- Your assignment -
In the entries below, find the line with "On Rhodia paper, the" and the line with "Riding of that". Return those two lines and all lines between them, exactly.

Material supplied Start Marker

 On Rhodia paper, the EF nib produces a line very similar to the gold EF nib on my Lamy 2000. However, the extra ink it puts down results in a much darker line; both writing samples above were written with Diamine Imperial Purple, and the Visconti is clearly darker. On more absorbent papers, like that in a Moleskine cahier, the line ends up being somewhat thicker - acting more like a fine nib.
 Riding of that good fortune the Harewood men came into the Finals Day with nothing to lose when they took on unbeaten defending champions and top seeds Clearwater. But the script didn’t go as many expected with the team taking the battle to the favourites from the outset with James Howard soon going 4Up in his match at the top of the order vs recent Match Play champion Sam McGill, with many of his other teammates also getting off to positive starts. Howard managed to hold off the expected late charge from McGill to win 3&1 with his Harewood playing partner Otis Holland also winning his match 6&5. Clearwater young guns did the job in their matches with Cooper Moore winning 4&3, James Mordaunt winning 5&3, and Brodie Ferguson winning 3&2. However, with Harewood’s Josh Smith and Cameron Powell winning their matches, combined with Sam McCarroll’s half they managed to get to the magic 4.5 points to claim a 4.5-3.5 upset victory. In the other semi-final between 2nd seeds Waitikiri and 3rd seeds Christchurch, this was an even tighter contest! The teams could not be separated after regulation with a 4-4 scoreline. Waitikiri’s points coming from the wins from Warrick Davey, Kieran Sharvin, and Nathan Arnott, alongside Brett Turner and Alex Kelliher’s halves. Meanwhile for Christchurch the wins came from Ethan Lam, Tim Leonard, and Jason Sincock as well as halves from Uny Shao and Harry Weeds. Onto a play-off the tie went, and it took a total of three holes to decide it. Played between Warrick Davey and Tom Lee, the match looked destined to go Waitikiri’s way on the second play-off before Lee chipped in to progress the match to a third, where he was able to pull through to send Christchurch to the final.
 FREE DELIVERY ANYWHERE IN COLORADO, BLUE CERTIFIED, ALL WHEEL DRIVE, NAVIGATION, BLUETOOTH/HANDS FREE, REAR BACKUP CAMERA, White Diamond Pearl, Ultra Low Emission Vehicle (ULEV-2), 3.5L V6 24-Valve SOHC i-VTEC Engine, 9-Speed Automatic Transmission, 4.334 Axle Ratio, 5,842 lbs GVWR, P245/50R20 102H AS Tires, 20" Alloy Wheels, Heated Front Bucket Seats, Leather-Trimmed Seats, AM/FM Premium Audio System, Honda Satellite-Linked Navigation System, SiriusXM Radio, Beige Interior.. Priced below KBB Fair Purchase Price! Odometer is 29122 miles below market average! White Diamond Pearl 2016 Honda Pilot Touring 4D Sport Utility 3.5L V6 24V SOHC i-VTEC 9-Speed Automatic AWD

Material supplied End Marker
Material supplied Start Marker

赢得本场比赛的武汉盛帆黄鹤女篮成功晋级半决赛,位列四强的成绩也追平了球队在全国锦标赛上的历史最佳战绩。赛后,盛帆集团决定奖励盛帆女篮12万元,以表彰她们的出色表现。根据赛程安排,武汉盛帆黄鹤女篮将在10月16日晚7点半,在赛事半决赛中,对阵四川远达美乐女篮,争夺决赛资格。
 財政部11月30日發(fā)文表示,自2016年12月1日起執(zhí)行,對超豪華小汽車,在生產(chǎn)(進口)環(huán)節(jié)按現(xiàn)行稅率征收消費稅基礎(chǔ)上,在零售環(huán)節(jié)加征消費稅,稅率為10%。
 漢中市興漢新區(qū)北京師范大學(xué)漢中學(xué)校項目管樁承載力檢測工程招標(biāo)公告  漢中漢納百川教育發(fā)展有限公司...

Material supplied End Marker

- Written solution -
 On Rhodia paper, the EF nib produces a line very similar to the gold EF nib on my Lamy 2000. However, the extra ink it puts down results in a much darker line; both writing samples above were written with Diamine Imperial Purple, and the Visconti is clearly darker. On more absorbent papers, like that in a Moleskine cahier, the line ends up being somewhat thicker - acting more like a fine nib.
 Riding of that good fortune the Harewood men came into the Finals Day with nothing to lose when they took on unbeaten defending champions and top seeds Clearwater. But the script didn’t go as many expected with the team taking the battle to the favourites from the outset with James Howard soon going 4Up in his match at the top of the order vs recent Match Play champion Sam McGill, with many of his other teammates also getting off to positive starts. Howard managed to hold off the expected late charge from McGill to win 3&1 with his Harewood playing partner Otis Holland also winning his match 6&5. Clearwater young guns did the job in their matches with Cooper Moore winning 4&3, James Mordaunt winning 5&3, and Brodie Ferguson winning 3&2. However, with Harewood’s Josh Smith and Cameron Powell winning their matches, combined with Sam McCarroll’s half they managed to get to the magic 4.5 points to claim a 4.5-3.5 upset victory. In the other semi-final between 2nd seeds Waitikiri and 3rd seeds Christchurch, this was an even tighter contest! The teams could not be separated after regulation with a 4-4 scoreline. Waitikiri’s points coming from the wins from Warrick Davey, Kieran Sharvin, and Nathan Arnott, alongside Brett Turner and Alex Kelliher’s halves. Meanwhile for Christchurch the wins came from Ethan Lam, Tim Leonard, and Jason Sincock as well as halves from Uny Shao and Harry Weeds. Onto a play-off the tie went, and it took a total of three holes to decide it. Played between Warrick Davey and Tom Lee, the match looked destined to go Waitikiri’s way on the second play-off before Lee chipped in to progress the match to a third, where he was able to pull through to send Christchurch to the final.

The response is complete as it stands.